3. | Proxy Voting Procedures |
3.1. | Proxy Voting Committees |
Our growth and value investment groups have formed separate proxy voting committees to establish general proxy policies for AllianceBernstein and consider specific proxy voting matters as necessary. These committees periodically review these policies and new types of corporate governance issues, and decide how we should vote on proposals not covered by these policies. When a proxy vote cannot be clearly decided by an application of our stated policy, the proxy committee will evaluate the proposal. In addition, the committees, in conjunction with the analyst that covers the company, may contact corporate management, interested shareholder groups and others as necessary to discuss proxy issues.
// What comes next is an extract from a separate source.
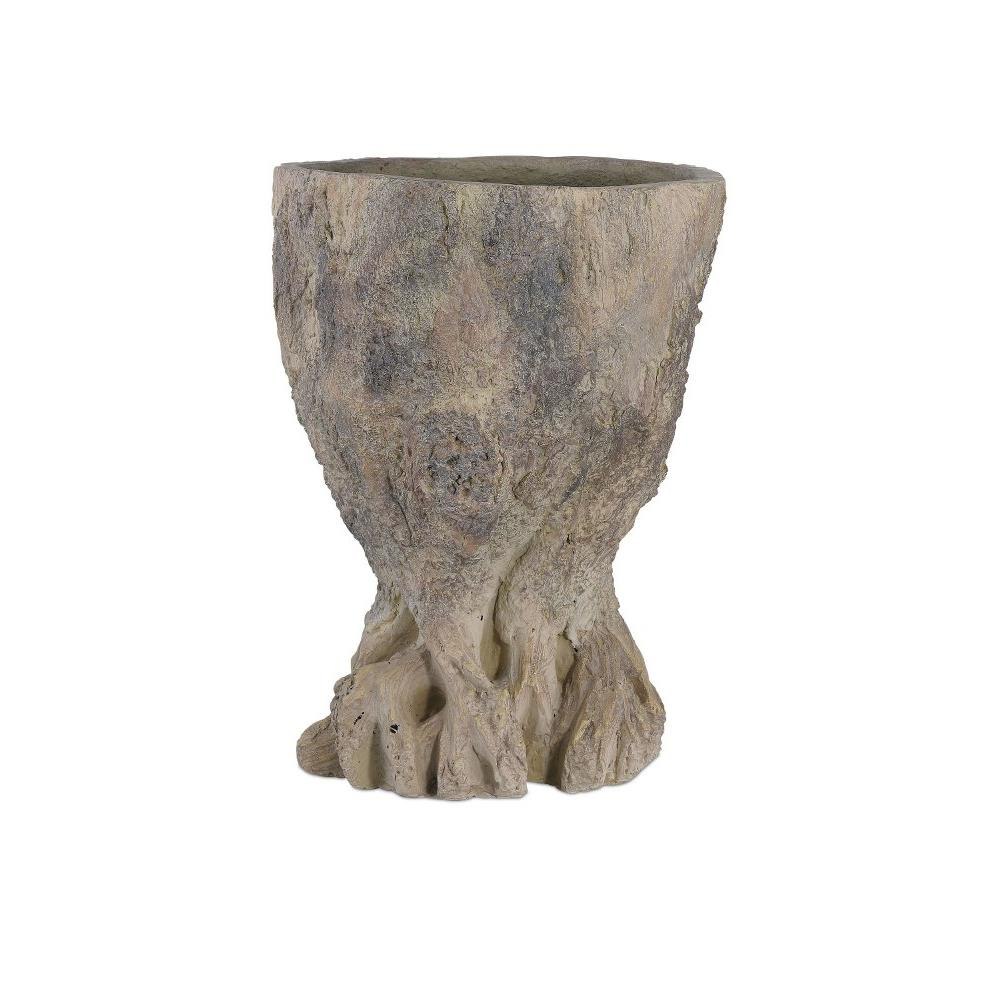 In the tradition of faux bois, the Old Growth Medium Planter is incredibly lifelike. Crafted from fiber cement in a dappled finish, the stump-shaped brown planter looks aged like an antique would had it been ornamenting a garden for decades. The way the gnarled roots culminate at the bottom is particularly convincing. This plant pot has a drain hole.

Members of the committees include senior investment personnel and representatives of the Legal and Compliance Department. The committees may also evaluate proxies where we face a potential conflict of interest (as discussed below). Finally, the committees monitor adherence to these policies.
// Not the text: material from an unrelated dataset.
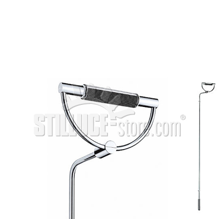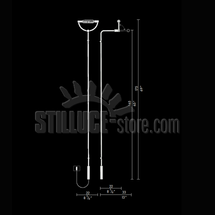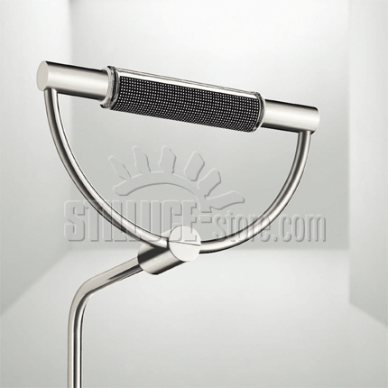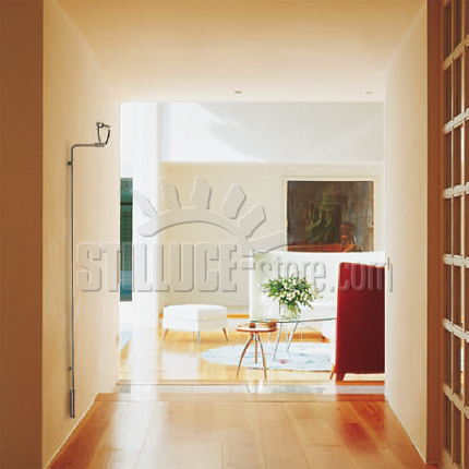 Cini e Nils Gradi lampada da parete con stelo, design di Franco Bettonica e Mario Melocchi, 1990. Lampada per interni con diffusore retinato per illuminazione generale, coordinata con i modelli da terra, soffitto, parete e scrivania. Il corpo illuminante, costituito da un cilindro in vetro ad alta resistenza termica trattato con smalti speciali, assolve da solo le diverse funzioni di riflettore, schermo antiabbagliante e protezione della lampada. La lampadina si sostituisce senza attrezzi. Struttura cromo o nichel satinato con diffusore in vetro retinato.

3.2. | Conflicts of Interest |
AllianceBernstein recognizes that there may be a potential conflict of interest when we vote a proxy solicited by an issuer whose retirement plan we manage or administer, who distributes AllianceBernstein-sponsored mutual funds, or with whom we have, or one of our employees has, a business or personal relationship that may affect (or may be reasonably viewed as affecting) how we vote on the issuers proxy. Similarly, AllianceBernstein may have a potentially material conflict of interest when deciding how to vote on a proposal sponsored or supported by a shareholder group that is a client. We believe that centralized management of proxy voting, oversight by the proxy voting committees and adherence to these policies ensures that proxies are voted based solely on our clients best interests. Additionally, we have implemented procedures to ensure that our votes are not the product of a material conflict of interest, including: (i) on an annual basis, the proxy committees taking reasonable steps to evaluate (A) the nature of AllianceBernsteins and our employees material business and personal
relationships (and those of our affiliates) with any company whose equity securities are held in client accounts and (B) any client that has sponsored or has a material interest in a proposal upon which we will be eligible to vote; (ii) requiring anyone involved in the decision making process to disclose to the chairman of the appropriate proxy committee any potential conflict that he or she is aware of (including personal relationships) and any contact that he or she has had with any interested party regarding a proxy vote; (iii) prohibiting employees involved in the decision making process or vote administration from revealing how we intend to vote on a proposal in order to reduce any attempted influence from interested parties; and (iv) where a material conflict of interests exists, reviewing our proposed vote by applying a series of objective tests and, where necessary, considering the views of third party research services to ensure that our voting decision is consistent with our clients best interests.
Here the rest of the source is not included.